Informativo de Jurisprudência n.º 113

As notas aqui divulgadas foram colhidas nas sessões de julgamento e elaboradas pelo Grupo de Apoio da SUDJU, não se constituindo repositório oficial da jurisprudência deste Tribunal. O conteúdo efetivo das decisões resumidas deverá ser obtido quando das publicações no Diário da Justiça.

Período: 01 a 15 de setembro de 2006

Conselho Especial

NOMEAÇÃO DO PROCURADOR-GERAL DO MINISTÉRIO PÚBLICO JUNTO AO TCDF - NORMA DE EFEITO CONCRETO

O Decreto de nomeação do novo Procurador-Geral do Ministério Público junto ao Tribunal de Contas do Distrito Federal, por ser norma de efeito concreto sem coeficiente de normatividade ou generalidade, não pode ser impugnado por meio de Ação Direta de Inconstitucionalidade.

 

20060020031993ADI, Rel. Des. HERMENEGILDO GONÇALVES, Data do Julgamento 29/08/2006.

AUXÍLIO-NATALIDADE - ADOÇÃO DE MENOR

Deve ser concedido o benefício auxílio-natalidade ao cônjuge ou companheiro servidor público em virtude da adoção de menor. Embora não conste previsão expressa no artigo 196, caput e § 2º da Lei 8.112/90 acerca da adoção, uma vez que nos termos do artigo 227, § 6º da Constituição Federal os filhos, havidos ou não da relação do casamento ou por adoção, terão os mesmos direitos e qualificações, proibidas quaisquer designações discriminatórias relativas à filiação.

 

20060020015410MSG, Rel. Des. WALDIR LEÔNCIO JUNIOR, Data do Julgamento 29/08/2006.

2ª Câmara Cível

LICITAÇÃO PÚBLICA - "EXCEPTIO NON ADIMPLETI CONTRACTUS"

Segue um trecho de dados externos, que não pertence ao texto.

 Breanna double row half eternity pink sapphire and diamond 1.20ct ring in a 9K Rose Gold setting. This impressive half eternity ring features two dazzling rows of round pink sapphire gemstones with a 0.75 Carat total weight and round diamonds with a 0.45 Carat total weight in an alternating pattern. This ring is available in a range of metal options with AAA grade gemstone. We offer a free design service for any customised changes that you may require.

Aquele que adquire, por meio de licitação pública, terreno urbano situado em loteamento, não tem o direito de opor a "exceptio non adimpleti contractus" à Terracap, sob a alegação de que esta não cumpriu com a obrigação de entregar o imóvel com disponibilidade imediata para construção. A uma porque a escritura de compra e venda não previu essa obrigação; a duas porque o comprador não pode imputar ao credor a culpa pelo descumprimento do contrato se ele mesmo encontra-se em inadimplência com as prestações. O voto minoritário foi no sentido de que é aplicável a exceção do contrato não cumprido, afastando o direito de rescisão contratual perpetrado pela Terracap, visto que a obrigação de entregar os imóveis prontos para a construção constava nos anexos do edital. Isso porque, como o contrato resultou de um procedimento administrativo, que tem natureza sui generis, impende observar os preceitos da Lei de Licitações e Contratos Públicos, bem como o Código Consumeirista. Maioria.

 

20040111227828EIC, Rel. Designado Des. Convocado CARLOS RODRIGUES, Data do Julgamento 11/09/2006.

3ª Câmara Cível

APLICAÇÃO FINANCEIRA DE VALORES DE TERCEIROS - ENCARGOS DE MORA

O devedor que retém quantia devida em razão de contrato e, tornando-se inadimplente, realiza aplicações financeiras valendo-se desses valores, deverá ser condenado a devolver o principal acrescido dos rendimentos obtidos nas aplicações, bem como arcar com os consectários da mora - juros e correção monetária. In casu, não há que se falar em bis in idem haja vista a natureza diversa desses valores. Outrossim, ratificar tal conduta redundaria em privilégio à inadimplência e ao enriquecimento ilícito do devedor. O voto minoritário entende que condenar ao pagamento cumulado importa em dupla incidência sobre o valor devido. Maioria.

 

20010110608214EIC, Relª. Desª. NIDIA CORREA LIMA, Data do Julgamento 04/09/2006.

1ª Turma Criminal

NULIDADE DO JURI - DEFICIÊNCIA DA QUESITAÇÃO

É nulo o julgamento pelo Júri que apresenta a indagação de dois quesitos obrigatórios reunidos em uma pergunta, ainda mais se demonstrado que aqueles são contraditórios entre si.

 

20040310192643APR, Rel. Des. EDSON ALFREDO SMANIOTTO, Data do Julgamento 24/08/2006.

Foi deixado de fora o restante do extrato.